0

I have a folder full of XLS files that I am attempting to read into a Pandas data frame.

My code:

daily_postings_folder = '//DAILY POSTINGS - MAY23/'

daily_postings_list = glob.glob(os.path.join(daily_postings_folder, "*.xls"))

daily_postings_df = pd.concat((pd.read_excel(g, engine='xlrd', header=None) for g in daily_postings_list), ignore_index=True)
daily_postings_df.head()

The error I'm getting is this:

Traceback (most recent call last):
  File "z:\Trade Reconciliation\Testing\Python_Testing\daily_trade_rec.v3(DEV).py", line 20, in <module>
    daily_postings_df = pd.concat((pd.read_excel(g, engine='xlrd', header=None) for g in daily_postings_list), ignore_index=True)
  File "C:\Users\tac6328\Anaconda3\lib\site-packages\pandas\util\_decorators.py", line 311, in wrapper
    return func(*args, **kwargs)
  File "C:\Users\tac6328\Anaconda3\lib\site-packages\pandas\core\reshape\concat.py", line 347, in concat
    op = _Concatenator(
  File "C:\Users\tac6328\Anaconda3\lib\site-packages\pandas\core\reshape\concat.py", line 401, in __init__
    objs = list(objs)
  File "z:\Trade Reconciliation\Testing\Python_Testing\daily_trade_rec.v3(DEV).py", line 20, in <genexpr>
    daily_postings_df = pd.concat((pd.read_excel(g, engine='xlrd', header=None) for g in daily_postings_list), ignore_index=True)
  File "C:\Users\tac6328\Anaconda3\lib\site-packages\pandas\util\_decorators.py", line 311, in wrapper
    return func(*args, **kwargs)
  File "C:\Users\tac6328\Anaconda3\lib\site-packages\pandas\io\excel\_base.py", line 457, in read_excel
    io = ExcelFile(io, storage_options=storage_options, engine=engine)
  File "C:\Users\tac6328\Anaconda3\lib\site-packages\pandas\io\excel\_base.py", line 1419, in __init__
    self._reader = self._engines[engine](self._io, storage_options=storage_options)
  File "C:\Users\tac6328\Anaconda3\lib\site-packages\pandas\io\excel\_xlrd.py", line 25, in __init__
    super().__init__(filepath_or_buffer, storage_options=storage_options)
  File "C:\Users\tac6328\Anaconda3\lib\site-packages\pandas\io\excel\_base.py", line 518, in __init__
    self.book = self.load_workbook(self.handles.handle)
  File "C:\Users\tac6328\Anaconda3\lib\site-packages\pandas\io\excel\_xlrd.py", line 38, in load_workbook
    return open_workbook(file_contents=data)
  File "C:\Users\tac6328\Anaconda3\lib\site-packages\xlrd\__init__.py", line 172, in open_workbook
    bk = open_workbook_xls(
  File "C:\Users\tac6328\Anaconda3\lib\site-packages\xlrd\book.py", line 79, in open_workbook_xls
    biff_version = bk.getbof(XL_WORKBOOK_GLOBALS)
  File "C:\Users\tac6328\Anaconda3\lib\site-packages\xlrd\book.py", line 1284, in getbof
    bof_error('Expected BOF record; found %r' % self.mem[savpos:savpos+8])
  File "C:\Users\tac6328\Anaconda3\lib\site-packages\xlrd\book.py", line 1278, in bof_error
    raise XLRDError('Unsupported format, or corrupt file: ' + msg)
xlrd.biffh.XLRDError: Unsupported format, or corrupt file: Expected BOF record; found b'\xef\xbb\xbf<?xml'

The files are all XLS files so not sure what the problem is here.

selereth
  • 57
  • 6
  • Have you tried opening all the xls files to determine if any are corrupt (ie., even Excel cannot open them?).

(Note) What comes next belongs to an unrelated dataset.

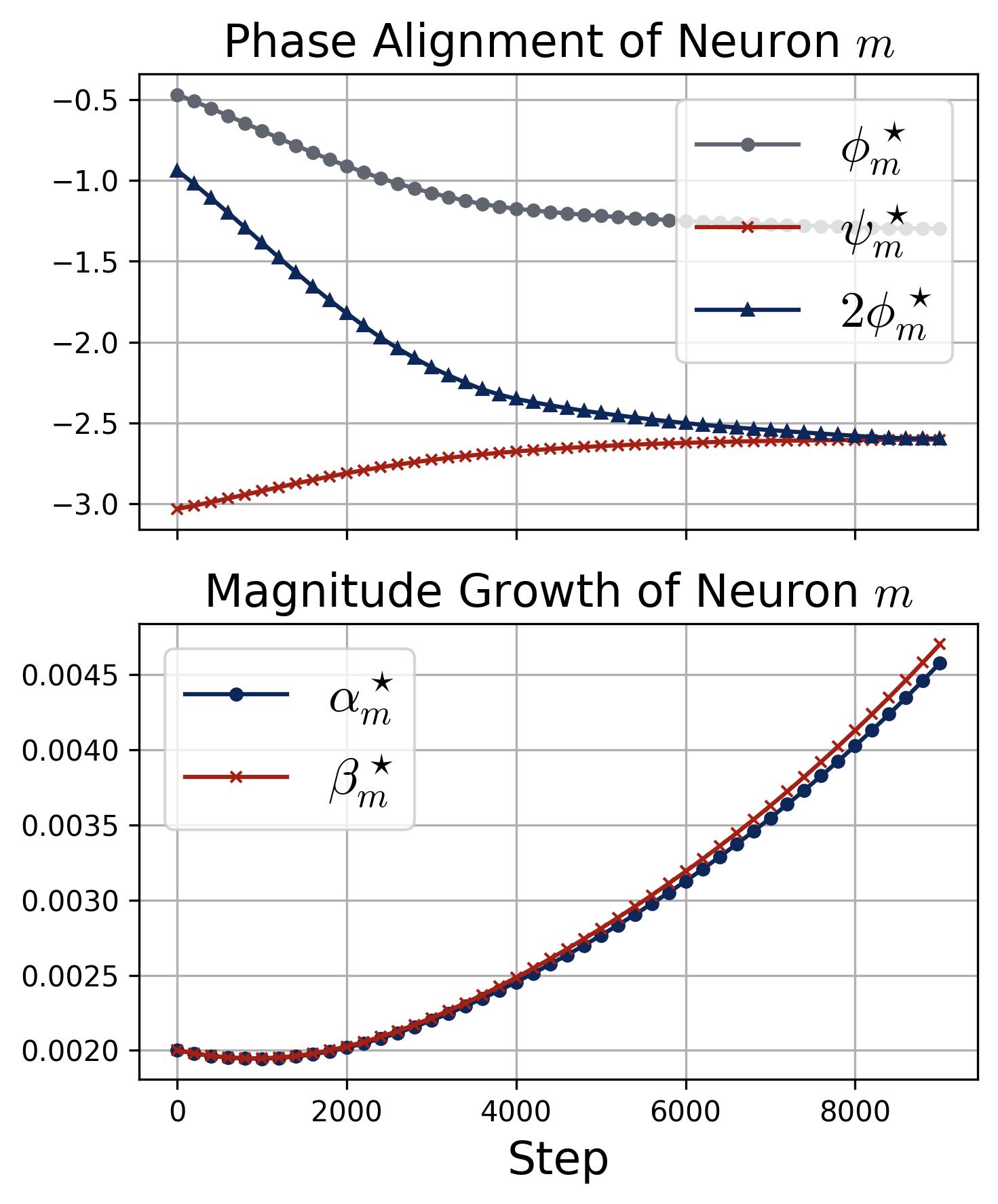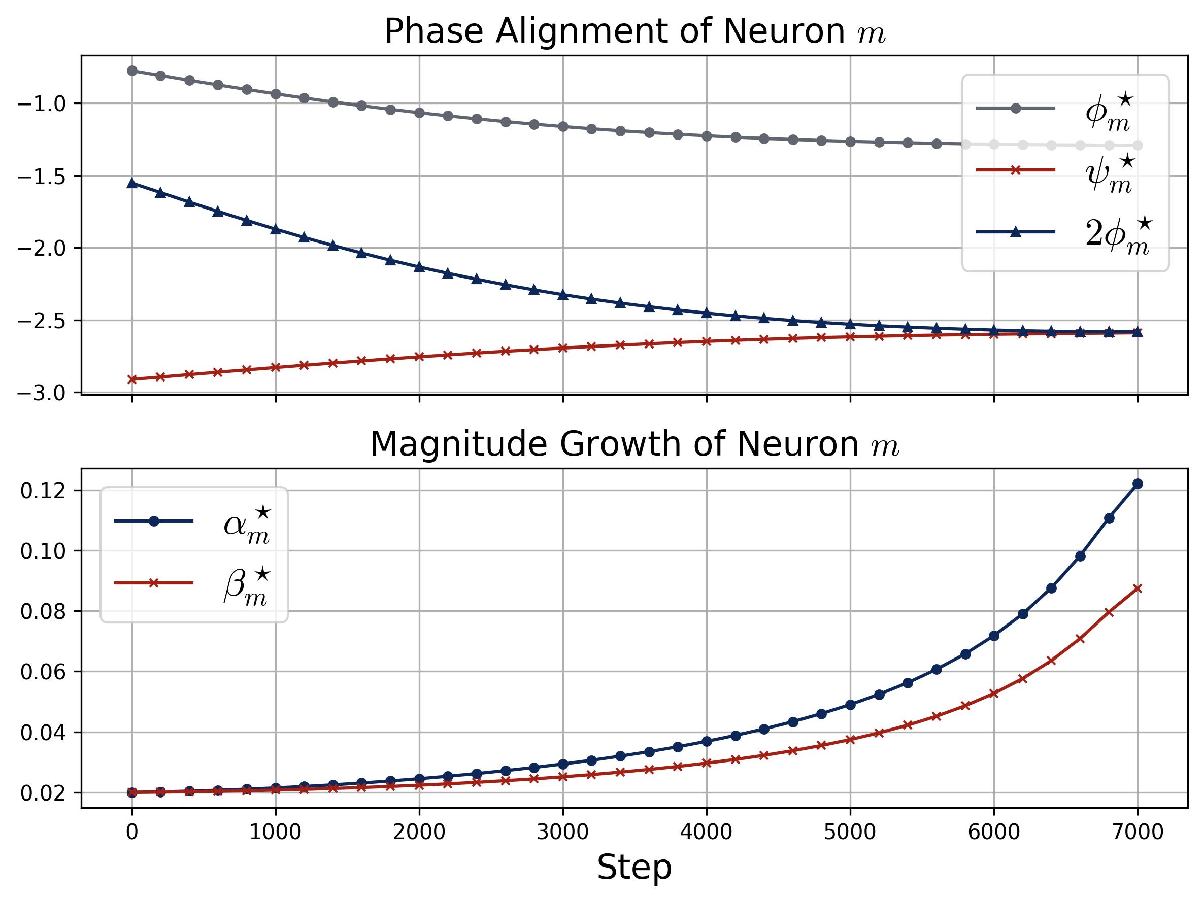 Figure 9. Phase alignment and magnitude growth for a single neuron. Two stacked panels track the dynamics of a specific neuron $m$ during training (quadratic activation, $\kappa_{\text{init}} = 0.02$). Top (Phase Alignment): Three curves show $\phi_m^\star$ (gray), $\psi_m^\star$ (red), and $2\phi_m^\star$ (dark blue with triangles) over training steps. The key observation is that $2\phi_m^\star$ and $\psi_m^\star$ converge toward each other, confirming that the phase misalignment $\mathcal{D}_m^\star = (2\phi_m^\star - \psi_m^\star) \bmod 2\pi$ is driven to zero, exactly as predicted by the zero-attractor ODE. Bottom (Magnitude Growth): The input magnitude $\alpha_m^\star$ (blue) and output magnitude $\beta_m^\star$ (red) both start at $\kappa_{\text{init}} = 0.02$ and remain nearly flat while the phases are still misaligned, then accelerate rapidly once alignment is achieved (around step 4,000). This confirms the self-reinforcing loop: alignment enables growth, and growth accelerates alignment.

Or narrowing this down to determine the actual file that is a problem? – topsail May 23 '23 at 17:58
  • All of the files open in Excel fine, they're in Compatibility Mode though, don't know if that makes a difference or not. – selereth May 23 '23 at 18:14
  • Is it one file that is the problem, or all of the files? – topsail May 23 '23 at 18:15
  • Could be any or all of them, I get this message when opening any of the files: "The file format and extension of 'filename.xls' don't match. The file could be corrupted or unsafe. Unless you trust its source, don't open it. Do you want to open it anyway?" But then I click "Yes" and they open in Excel afterwards just fine. – selereth May 23 '23 at 18:17
  • Try the suggestions here: [error-unsupported-format-or-corrupt-file-expected-bof-record](https://stackoverflow.com/questions/16504975/error-unsupported-format-or-corrupt-file-expected-bof-record) ... one of them is that the file isn't really an xls file but a csv file (which Excel can open even though its not an actual xls format). Also encoding issues are a possibility as well. – topsail May 23 '23 at 18:19
  • Viewing the file in a text editor will tell you if its a csv file ... – topsail May 23 '23 at 18:21

0 Answers0